[Records from a data source]
----
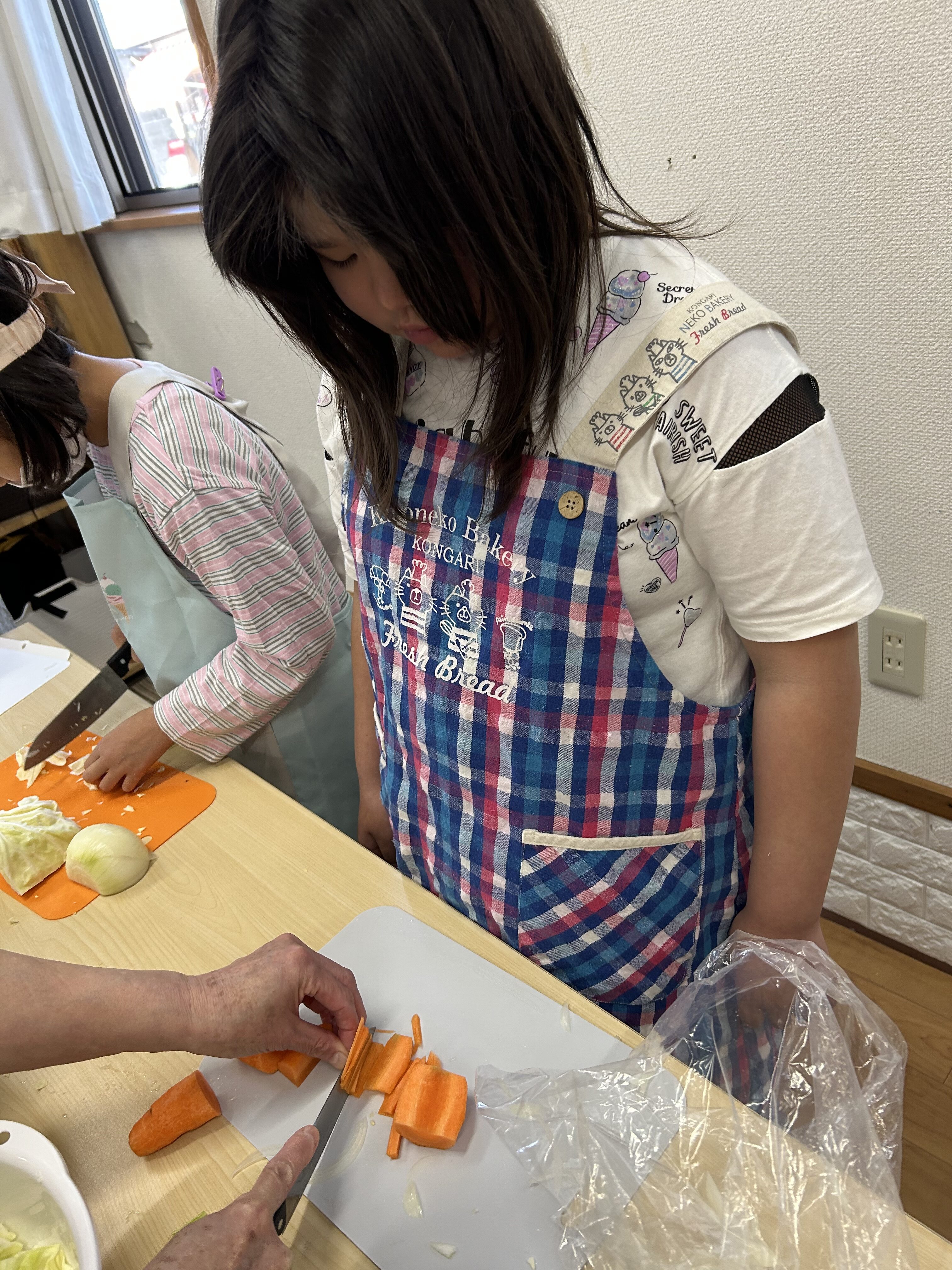 先生から切り方を教わって、食べやすいサイズに野菜を細かく切ります👍
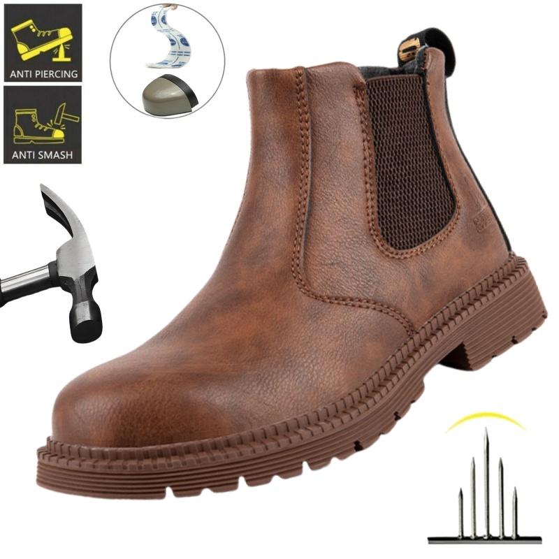 Waterproof Leather Work Safety Shoes,Labor Shoes With Steel Toe Smash-proof,Men Working Shoes Non-slip Lightweight Safety Boots
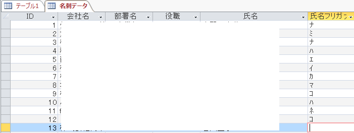 訂正が終わったら、次にフィールドを見てみると、フリガナがありません。
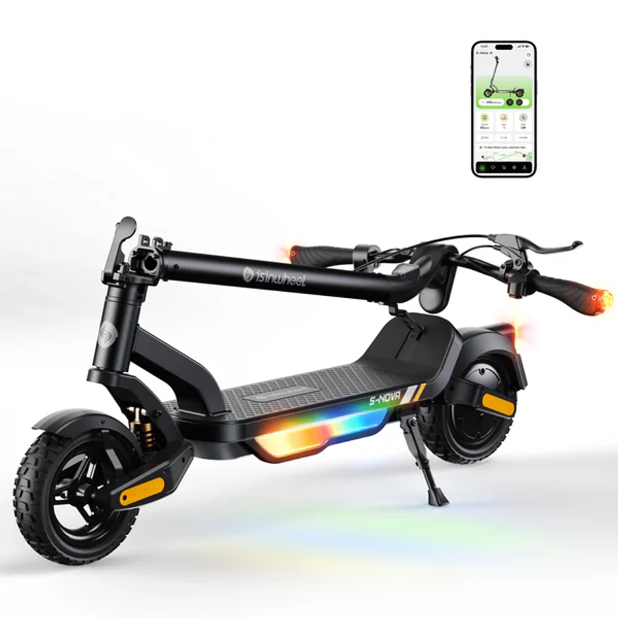 A S Nova a biztonságot minden körülmények között elsődlegesnek tekinti, ezért a legmodernebb világítási technológiával készült. Az erőteljes LED első lámpa akár 50 méterre is kivilágítja az utat, míg a hátsó LED féklámpák automatikusan jelzik a fékezést a mögötted haladóknak. A dinamikus ambiens világítás a roller oldalain nemcsak látványos, hanem praktikus is: oldalról érkező forgalomban is jól észrevehetővé tesz. A bal és jobb irányjelzők egyértelműen kommunikálják a kanyarodási szándékot, a beépített elektromos csengő pedig hangos figyelmeztetéssel segíti a biztonságos közlekedést. Mindez egyénileg vezérelhető az iSinwheel Club applikáción keresztül.
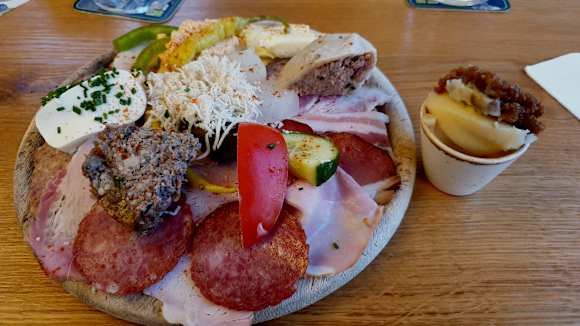 riesige Brettljause mit Bratenfett
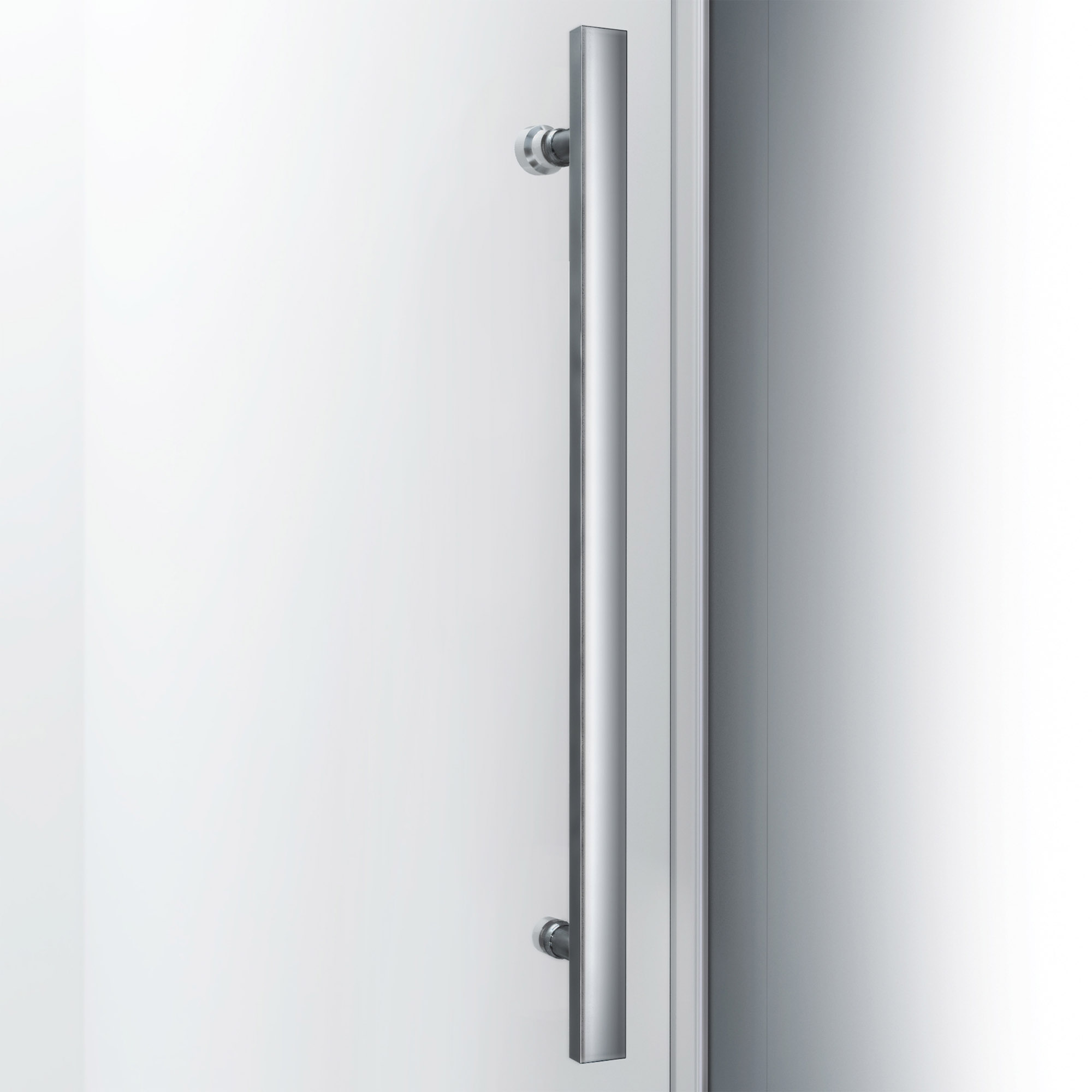 | 9 Set - Bullet 04 | Stainless steel top guide bar can be trimmed up to 4 in. for width adjustment; Stationary panel is attached to the wall by 1 in. U-channel |
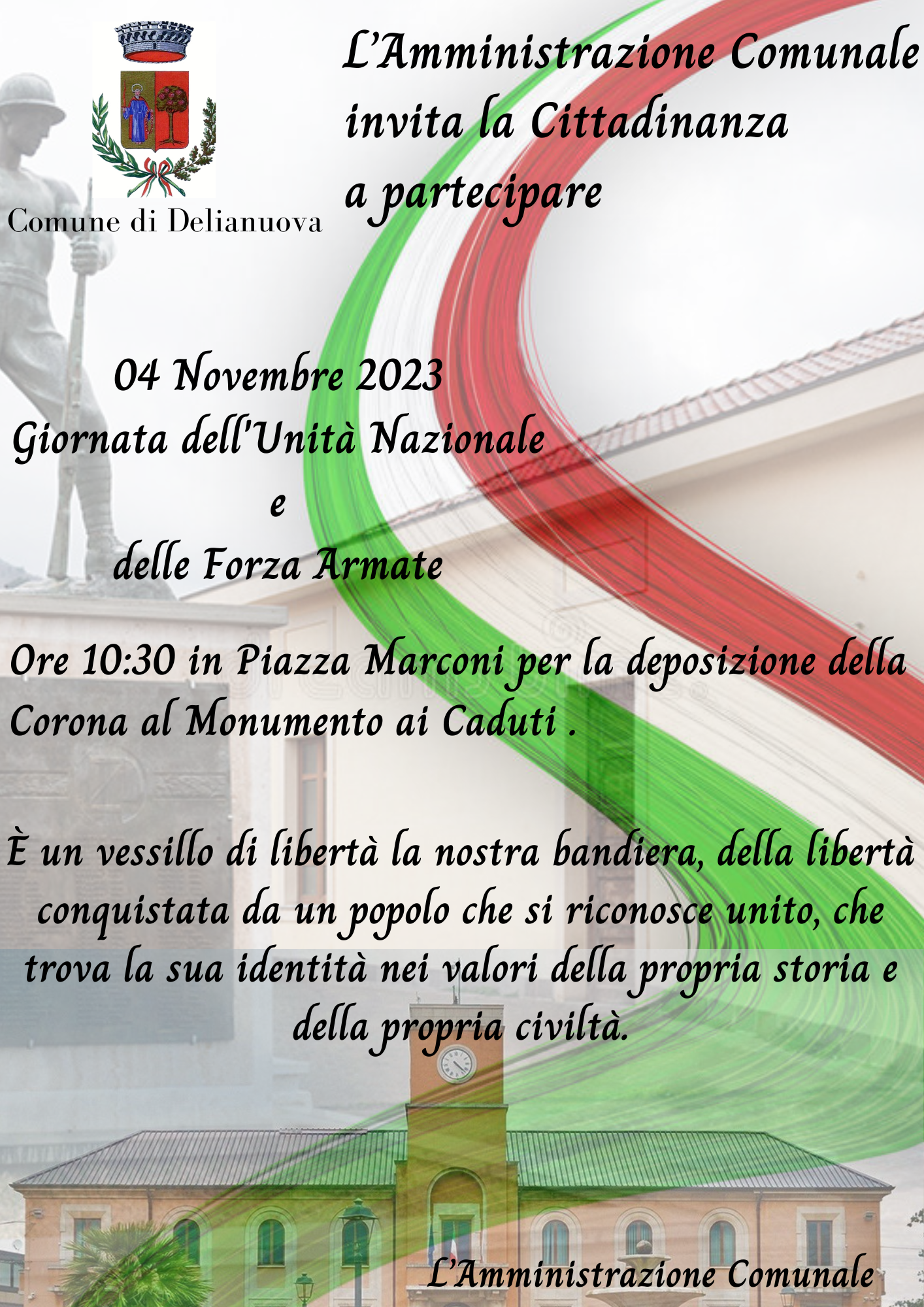 Stampa Condividi Facebook Twitter Whatsapp Telegram Email 04 novembre 2023 Giornata dell'Unita' Nazionale e delle Forze Armate Attachments: Il 4 novembre.png[ ]3038 kB Pubblicato: 31 Ottobre 2023 Ultima modifica: 31 Ottobre 2023 Visite: 633
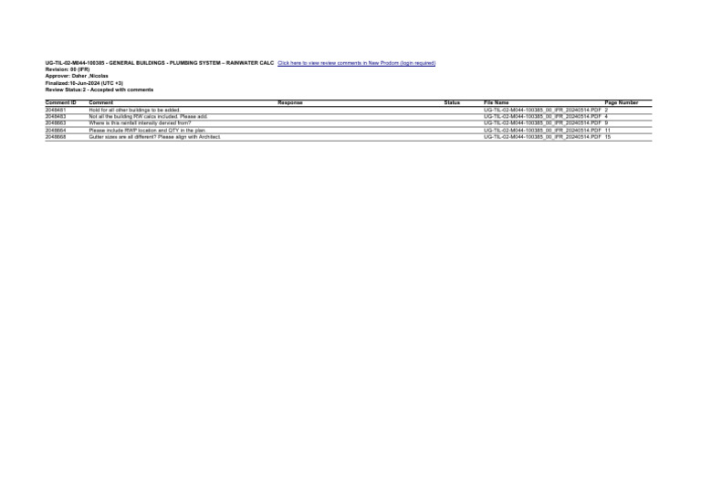 UG-TIL-02-M044-100385 - GENERAL BUILDINGS - PLUMBING SYSTEM – RAINWATER CALC Click here to view review comments in New Prodom (login
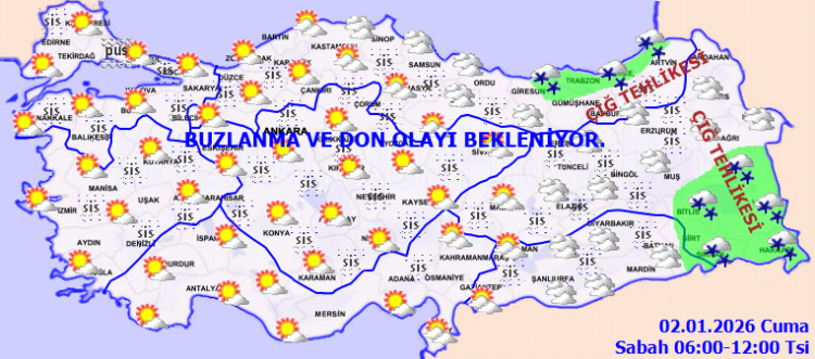 İç ve doğu bölgelerde buzlanma ve don olayı beklenirken, Doğu Karadeniz’in yüksekleri ile Doğu Anadolu’nun doğusundaki eğimli alanlarda çığ tehlikesi bulunuyor.
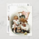 Ein interessantes Spiel. Zwei kleine Mädchen mit Puppen spielen Karten, während ihre Katze neben sich sitzt und das Spiel mit eifrigem Interesse verfolgt. Niedliche Vintage Illustration von Harriett Bennett.
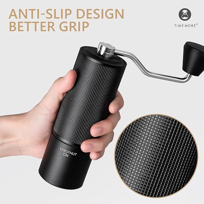 - DURABLE & BUILT TO LAST - Our C3S manual coffee grinder is upgraded to an all-metal aluminum alloy body, with no plastic part inside, built for precise grinding and longer lasting. Fixed with a dual-bearing design, making the grinding process more detailed and the coffee powder more uniform.
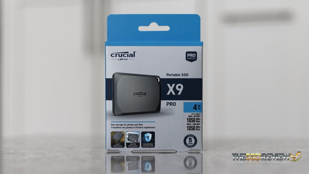 The Crucial X9 Pro is a very compact portable storage device available in 1TB, 2TB and 4TB capacities, and is one of the smallest storage devices we have seen to date. It is a USB 3.2 Gen 2 device that is capable of speeds up to 1050MB/s read and write, when using its attached 9″ Type-C to Type C-C cable and attached to a compatible Type-C port on ones system.
----
_What to produce:_
Look back at the data above, then output exactly the lines from the line holding "訂正が終わったら、次にフィールドを見てみると、フリガナがありません。" up to and including the line holding "- DURABLE &". Leave out the pictures.

_Reply:_
 訂正が終わったら、次にフィールドを見てみると、フリガナがありません。
 A S Nova a biztonságot minden körülmények között elsődlegesnek tekinti, ezért a legmodernebb világítási technológiával készült. Az erőteljes LED első lámpa akár 50 méterre is kivilágítja az utat, míg a hátsó LED féklámpák automatikusan jelzik a fékezést a mögötted haladóknak. A dinamikus ambiens világítás a roller oldalain nemcsak látványos, hanem praktikus is: oldalról érkező forgalomban is jól észrevehetővé tesz. A bal és jobb irányjelzők egyértelműen kommunikálják a kanyarodási szándékot, a beépített elektromos csengő pedig hangos figyelmeztetéssel segíti a biztonságos közlekedést. Mindez egyénileg vezérelhető az iSinwheel Club applikáción keresztül.
 riesige Brettljause mit Bratenfett
 | 9 Set - Bullet 04 | Stainless steel top guide bar can be trimmed up to 4 in. for width adjustment; Stationary panel is attached to the wall by 1 in. U-channel |
 Stampa Condividi Facebook Twitter Whatsapp Telegram Email 04 novembre 2023 Giornata dell'Unita' Nazionale e delle Forze Armate Attachments: Il 4 novembre.png[ ]3038 kB Pubblicato: 31 Ottobre 2023 Ultima modifica: 31 Ottobre 2023 Visite: 633
 UG-TIL-02-M044-100385 - GENERAL BUILDINGS - PLUMBING SYSTEM – RAINWATER CALC Click here to view review comments in New Prodom (login
 İç ve doğu bölgelerde buzlanma ve don olayı beklenirken, Doğu Karadeniz’in yüksekleri ile Doğu Anadolu’nun doğusundaki eğimli alanlarda çığ tehlikesi bulunuyor.
 Ein interessantes Spiel. Zwei kleine Mädchen mit Puppen spielen Karten, während ihre Katze neben sich sitzt und das Spiel mit eifrigem Interesse verfolgt. Niedliche Vintage Illustration von Harriett Bennett.
 - DURABLE & BUILT TO LAST - Our C3S manual coffee grinder is upgraded to an all-metal aluminum alloy body, with no plastic part inside, built for precise grinding and longer lasting. Fixed with a dual-bearing design, making the grinding process more detailed and the coffee powder more uniform.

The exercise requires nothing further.